There is then the rise with things like GDPR which becomes an example of how things could be done, despite companies often trying to circumwent the rules.
Should the data of European citizens be protected, and US companies be able to do with it what they see fit?
All the discourse we have, is organised through the platforms, and as such we should have a local say in how that is organised. If you spread false information, insult someone, etc. there should be regulations in place which hinder this. This is where the idea of core-platforms come in. You can access the internet without google, but it is increasingly difficult. If you fulfill the criteria that the core-platform services poses, they should also be regulated. It is dangerous when google is the gateway to the internet.
Another way of regulating is the classic monopoly. If you built a monopoly on eg. cars, the EU would intervene, same thing for smartphones. The EU should intervene if there is no access to knowledge about the kind of alternatives we have for our smartphones about what search engine we use.
The EU is the only region in the world where there has been a scale to the protection of their individuals. Not always successfully, though partially at least.
Internet as attention economy:
Attention has become a scare main resource in 21st century which forces economies to be essentially built around attention. Economics is always about scarce resources, about things that must be divided among certain things. What people want then, as such, is your attention.

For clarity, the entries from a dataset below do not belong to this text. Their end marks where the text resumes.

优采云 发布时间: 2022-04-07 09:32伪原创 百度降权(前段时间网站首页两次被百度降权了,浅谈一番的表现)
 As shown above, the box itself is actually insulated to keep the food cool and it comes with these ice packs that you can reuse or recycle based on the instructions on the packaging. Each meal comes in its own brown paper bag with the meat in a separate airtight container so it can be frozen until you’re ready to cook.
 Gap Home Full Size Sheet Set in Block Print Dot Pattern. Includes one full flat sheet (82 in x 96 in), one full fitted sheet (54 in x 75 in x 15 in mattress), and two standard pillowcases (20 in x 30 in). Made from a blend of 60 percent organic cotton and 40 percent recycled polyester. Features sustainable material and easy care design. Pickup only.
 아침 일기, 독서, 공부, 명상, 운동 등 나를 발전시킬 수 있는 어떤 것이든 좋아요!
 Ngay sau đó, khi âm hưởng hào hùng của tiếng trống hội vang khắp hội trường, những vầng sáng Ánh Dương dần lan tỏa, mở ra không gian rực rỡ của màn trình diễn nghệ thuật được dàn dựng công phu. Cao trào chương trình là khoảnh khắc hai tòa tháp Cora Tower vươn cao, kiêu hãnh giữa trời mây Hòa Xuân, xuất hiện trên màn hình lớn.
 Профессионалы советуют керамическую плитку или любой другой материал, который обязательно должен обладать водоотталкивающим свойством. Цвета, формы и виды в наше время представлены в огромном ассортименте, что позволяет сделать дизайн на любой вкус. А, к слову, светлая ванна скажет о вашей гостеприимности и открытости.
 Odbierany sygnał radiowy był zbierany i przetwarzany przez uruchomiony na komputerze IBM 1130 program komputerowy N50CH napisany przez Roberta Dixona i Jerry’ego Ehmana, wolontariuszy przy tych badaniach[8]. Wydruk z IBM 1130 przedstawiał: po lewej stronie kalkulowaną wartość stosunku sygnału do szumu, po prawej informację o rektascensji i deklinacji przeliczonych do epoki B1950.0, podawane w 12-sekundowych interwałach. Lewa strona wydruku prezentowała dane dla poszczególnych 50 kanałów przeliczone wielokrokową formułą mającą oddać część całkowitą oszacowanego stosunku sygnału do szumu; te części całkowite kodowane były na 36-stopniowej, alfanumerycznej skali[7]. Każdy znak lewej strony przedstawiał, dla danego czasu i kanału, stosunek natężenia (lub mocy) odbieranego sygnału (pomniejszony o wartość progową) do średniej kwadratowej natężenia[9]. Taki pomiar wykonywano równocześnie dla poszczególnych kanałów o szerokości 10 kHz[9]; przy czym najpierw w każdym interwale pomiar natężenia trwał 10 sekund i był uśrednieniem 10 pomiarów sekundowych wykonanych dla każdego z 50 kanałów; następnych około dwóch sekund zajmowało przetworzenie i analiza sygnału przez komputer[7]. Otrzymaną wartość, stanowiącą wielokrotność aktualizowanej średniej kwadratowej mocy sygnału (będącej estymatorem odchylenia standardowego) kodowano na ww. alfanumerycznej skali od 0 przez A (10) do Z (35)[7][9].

What does this imply?
If we want to understand populism, here might be a fruitful analysis. Who is setting the agenda for this to become possible?
Memes become prevalent as a kind of condensed communication which allow for information to be spread within this kind of short term attention.

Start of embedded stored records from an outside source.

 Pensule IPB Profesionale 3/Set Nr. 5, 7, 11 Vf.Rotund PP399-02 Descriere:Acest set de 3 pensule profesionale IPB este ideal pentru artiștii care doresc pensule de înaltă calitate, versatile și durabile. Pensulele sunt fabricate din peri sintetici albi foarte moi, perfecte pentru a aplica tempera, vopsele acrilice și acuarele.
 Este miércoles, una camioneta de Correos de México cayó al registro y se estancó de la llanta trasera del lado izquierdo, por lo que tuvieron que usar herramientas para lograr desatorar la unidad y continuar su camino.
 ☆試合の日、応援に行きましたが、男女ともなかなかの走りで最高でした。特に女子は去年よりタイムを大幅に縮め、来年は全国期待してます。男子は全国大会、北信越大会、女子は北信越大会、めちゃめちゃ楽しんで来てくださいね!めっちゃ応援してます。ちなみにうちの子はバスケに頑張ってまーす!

Where does disinformation come from? Who aggravates it? Well… a let me just say… hehe.
Is AI aggravating these already existing tensions and problems of regulation? Is it wise to regulate it at all? Can we regulate something that we may not understand? (Yes).

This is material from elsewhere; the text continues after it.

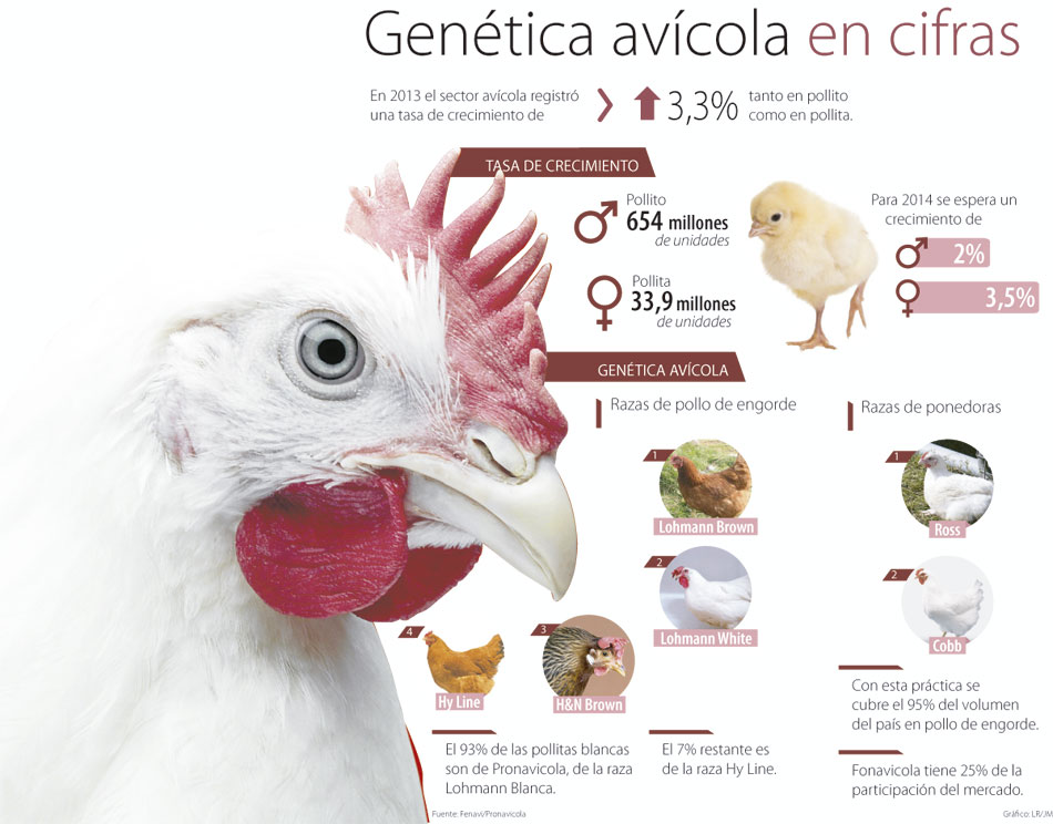 En la genética de pollos para engorde hay dos razas principales que se comercializan en el país: la Ross, la cual es representada por empresas como Pronavícola y Avícola Colombiana, y la Cobb, que es representada por Incubadora Colombiana y Agroavícola San Marino.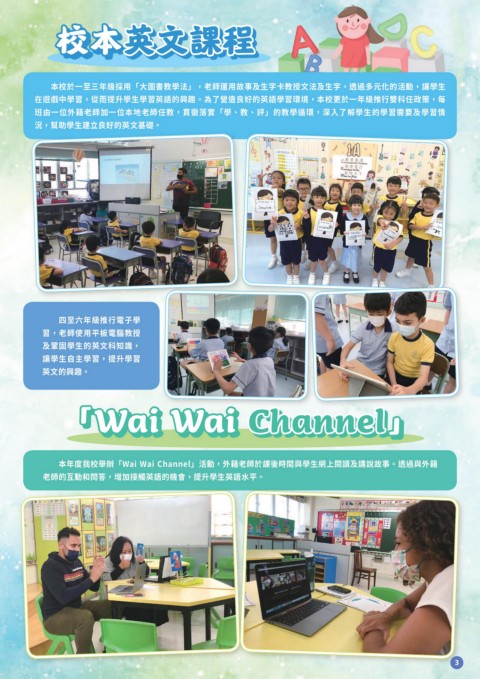 本年度我校舉辦「Wai Wai Channel」活動,外籍老師於課後時間與學生網上閱讀及講說故事。透過與外籍

In the US, it is understood that AI should be based in there, and no where else. AI needs to win against any other kind of AI. It will likely also serve a military role, drones being driven by AI, rather than people.
The rise of the digital elite, and is there a rise of a new feudalism?
It is questioned whether feudalism ever existed today. However, the argument goes that there is this kind of economical elite who have access to so much more than previously makes it seem like there is a kind of elite not in the sense of the bourgoisie, but rather an almost royal elite. However it seems very different than an aristrocracy by birth. Almost all the powerful positions in silicon valley are occupied by men, often accompanied by very specific ideas about gender roles.
Is Mark Zuckerberg like a roman style imperial politician?
Pay pal mafia. Founders of pay pal became very influential in other silicon valley companies.
Tech-oligarchy: It has a direct entanglement with politics, but what kind?
Structural authoritarian character of ’big tech’? Which kind of oligarchy are we talking about? Do they have a genuinely ruling role or are they supportive? And what social vision do they carry? Did they surrender to Trump or did Trump surrender to them?
Magnificient seven: Meta, Microsoft, Amazon, Alphabet, Nvidia, Tesla, Apple; all US-based.